_What you need to do:_ Look through the data below and output, unchanged, every line from the one holding "In the combination" through the one holding "據對全國流通領域9大類50種", inclusive. Skip the pictures.

_The input:_
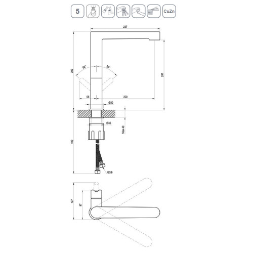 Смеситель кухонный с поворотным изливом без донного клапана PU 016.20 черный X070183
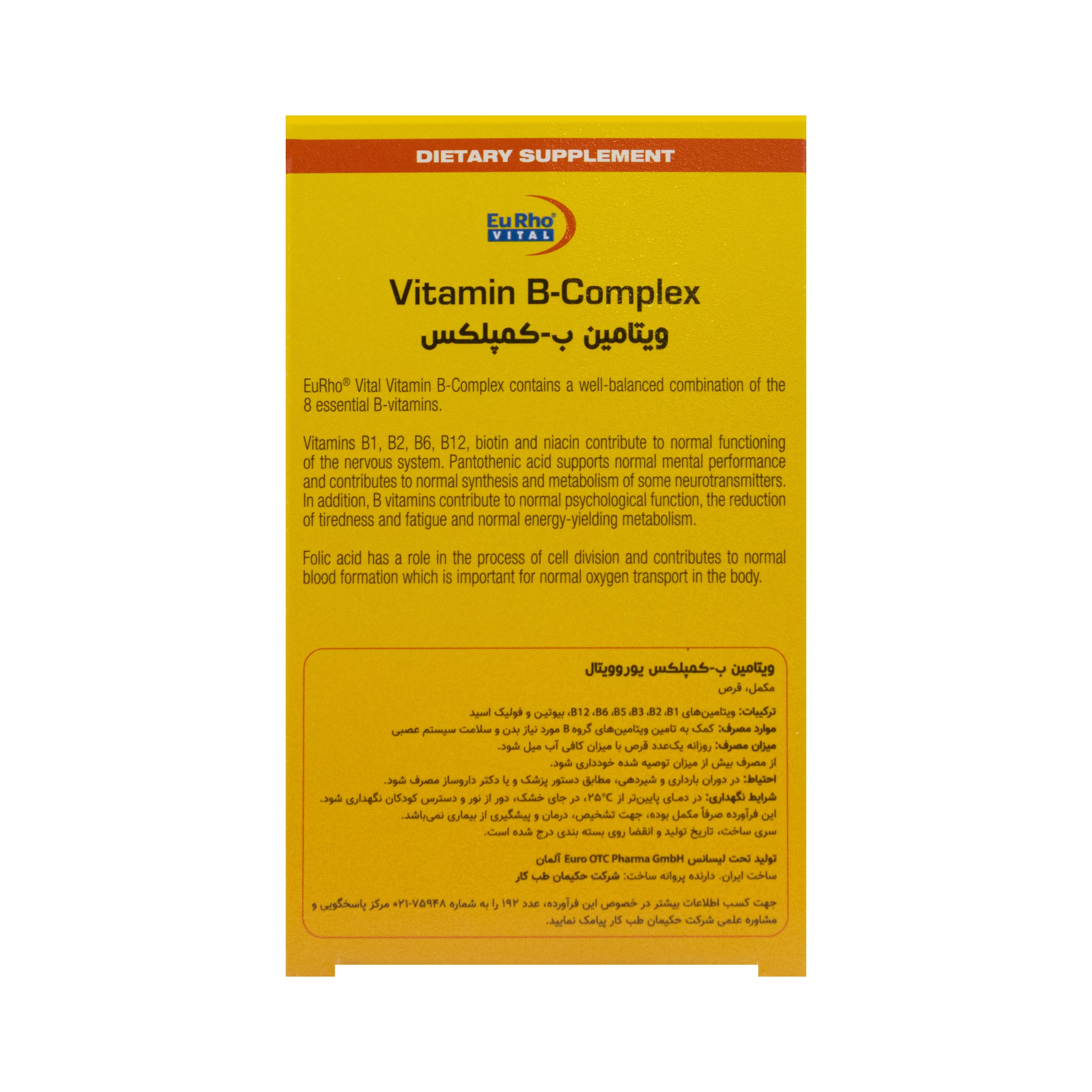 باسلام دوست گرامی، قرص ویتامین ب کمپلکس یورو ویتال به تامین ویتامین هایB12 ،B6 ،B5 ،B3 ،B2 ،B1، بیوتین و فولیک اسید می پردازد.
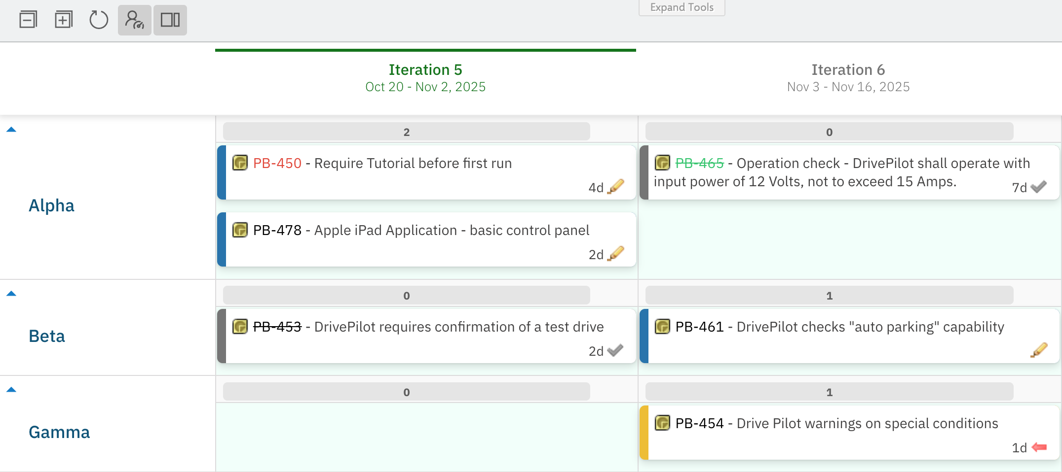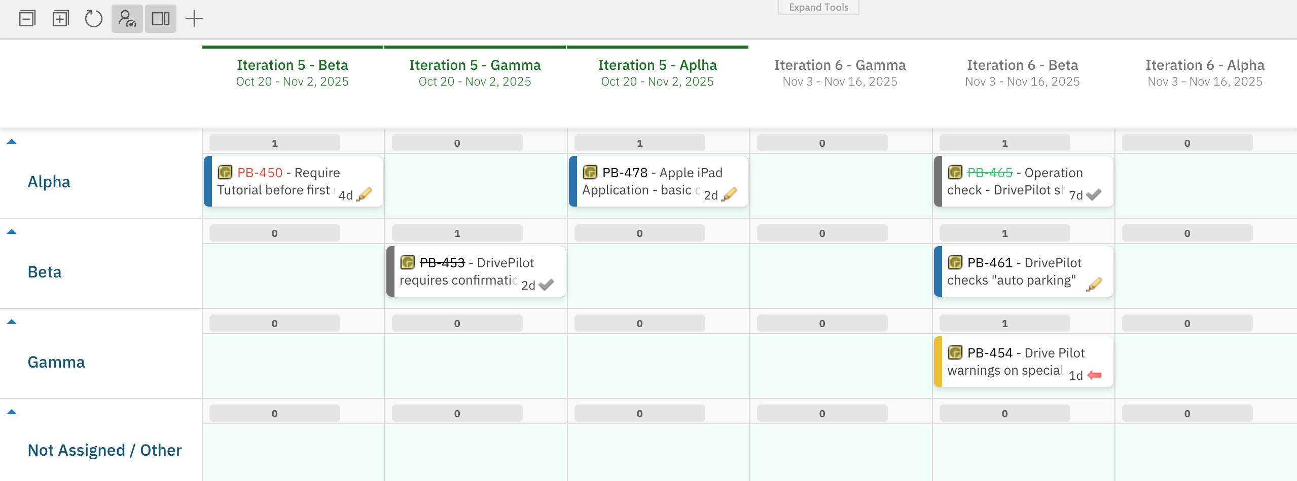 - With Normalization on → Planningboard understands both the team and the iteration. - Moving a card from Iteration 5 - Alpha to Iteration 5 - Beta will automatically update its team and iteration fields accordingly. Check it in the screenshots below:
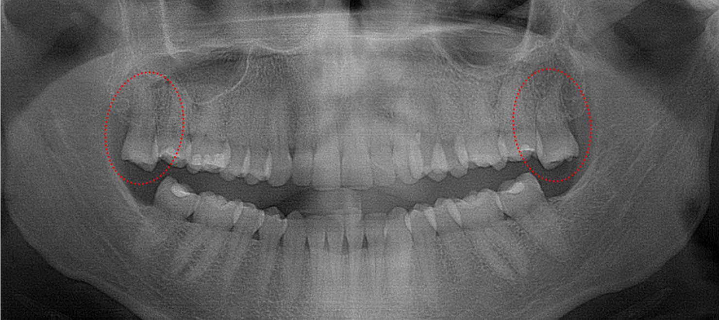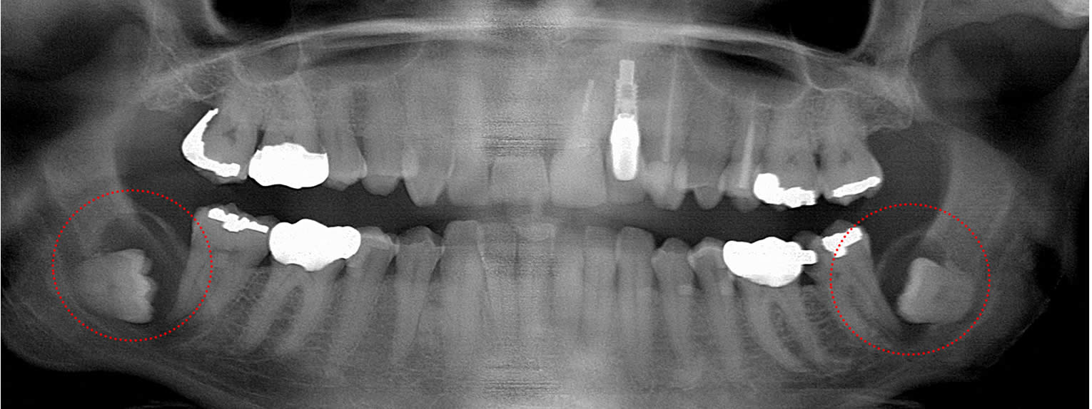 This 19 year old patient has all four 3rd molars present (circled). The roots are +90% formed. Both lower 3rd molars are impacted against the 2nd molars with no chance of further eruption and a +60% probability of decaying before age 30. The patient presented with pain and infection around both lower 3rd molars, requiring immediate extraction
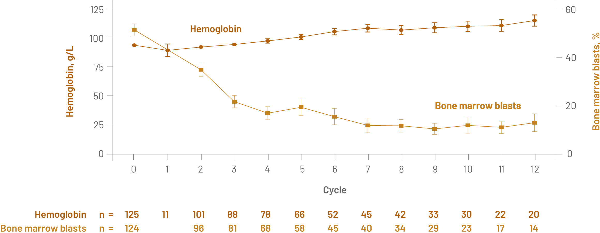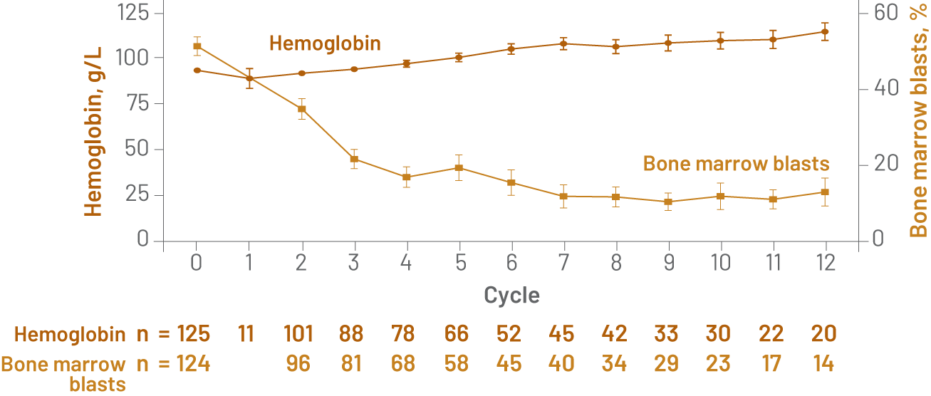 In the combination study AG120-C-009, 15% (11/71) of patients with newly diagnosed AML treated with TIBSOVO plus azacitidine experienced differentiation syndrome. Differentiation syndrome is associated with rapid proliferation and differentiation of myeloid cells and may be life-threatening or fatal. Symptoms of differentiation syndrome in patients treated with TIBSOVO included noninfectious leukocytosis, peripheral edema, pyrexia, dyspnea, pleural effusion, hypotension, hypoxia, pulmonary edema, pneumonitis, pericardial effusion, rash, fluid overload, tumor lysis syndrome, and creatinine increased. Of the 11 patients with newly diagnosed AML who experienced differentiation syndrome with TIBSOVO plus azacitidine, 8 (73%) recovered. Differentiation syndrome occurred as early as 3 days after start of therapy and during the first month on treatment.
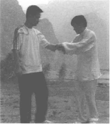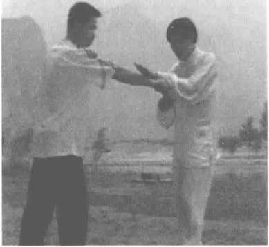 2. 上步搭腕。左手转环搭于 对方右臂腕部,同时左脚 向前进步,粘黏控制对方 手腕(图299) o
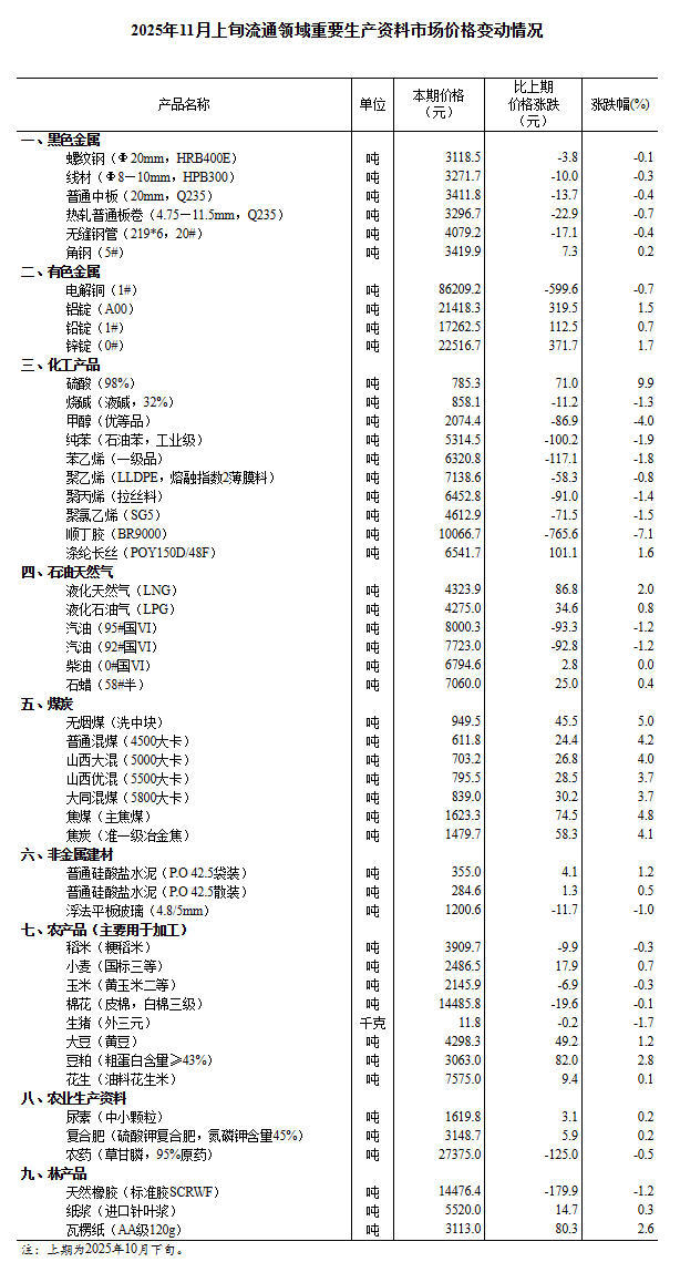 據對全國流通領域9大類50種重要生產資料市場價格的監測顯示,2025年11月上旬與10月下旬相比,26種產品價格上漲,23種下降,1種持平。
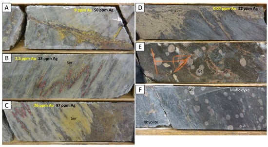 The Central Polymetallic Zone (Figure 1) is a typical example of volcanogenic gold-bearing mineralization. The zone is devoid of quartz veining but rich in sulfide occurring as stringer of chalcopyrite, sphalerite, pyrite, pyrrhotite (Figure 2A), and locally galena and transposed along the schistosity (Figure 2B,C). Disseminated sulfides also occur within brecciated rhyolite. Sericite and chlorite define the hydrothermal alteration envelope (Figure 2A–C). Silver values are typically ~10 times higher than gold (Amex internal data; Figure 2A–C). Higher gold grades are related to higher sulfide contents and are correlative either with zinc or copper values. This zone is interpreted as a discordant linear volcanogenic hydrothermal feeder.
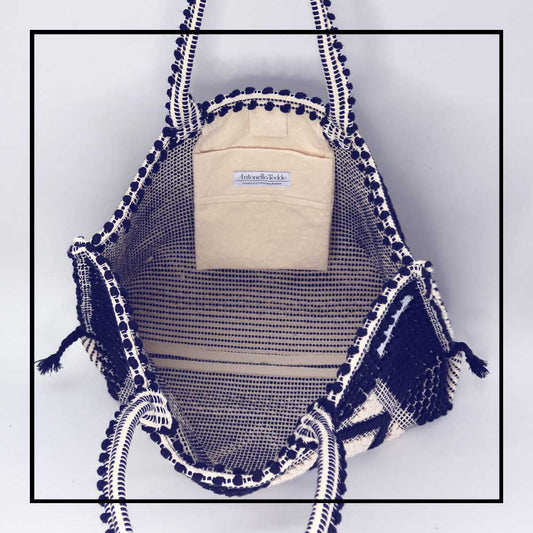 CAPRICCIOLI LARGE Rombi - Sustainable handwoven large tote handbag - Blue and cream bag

_Answer for this exercise:_
 In the combination study AG120-C-009, 15% (11/71) of patients with newly diagnosed AML treated with TIBSOVO plus azacitidine experienced differentiation syndrome. Differentiation syndrome is associated with rapid proliferation and differentiation of myeloid cells and may be life-threatening or fatal. Symptoms of differentiation syndrome in patients treated with TIBSOVO included noninfectious leukocytosis, peripheral edema, pyrexia, dyspnea, pleural effusion, hypotension, hypoxia, pulmonary edema, pneumonitis, pericardial effusion, rash, fluid overload, tumor lysis syndrome, and creatinine increased. Of the 11 patients with newly diagnosed AML who experienced differentiation syndrome with TIBSOVO plus azacitidine, 8 (73%) recovered. Differentiation syndrome occurred as early as 3 days after start of therapy and during the first month on treatment.
 2. 上步搭腕。左手转环搭于 对方右臂腕部,同时左脚 向前进步,粘黏控制对方 手腕(图299) o
 據對全國流通領域9大類50種重要生產資料市場價格的監測顯示,2025年11月上旬與10月下旬相比,26種產品價格上漲,23種下降,1種持平。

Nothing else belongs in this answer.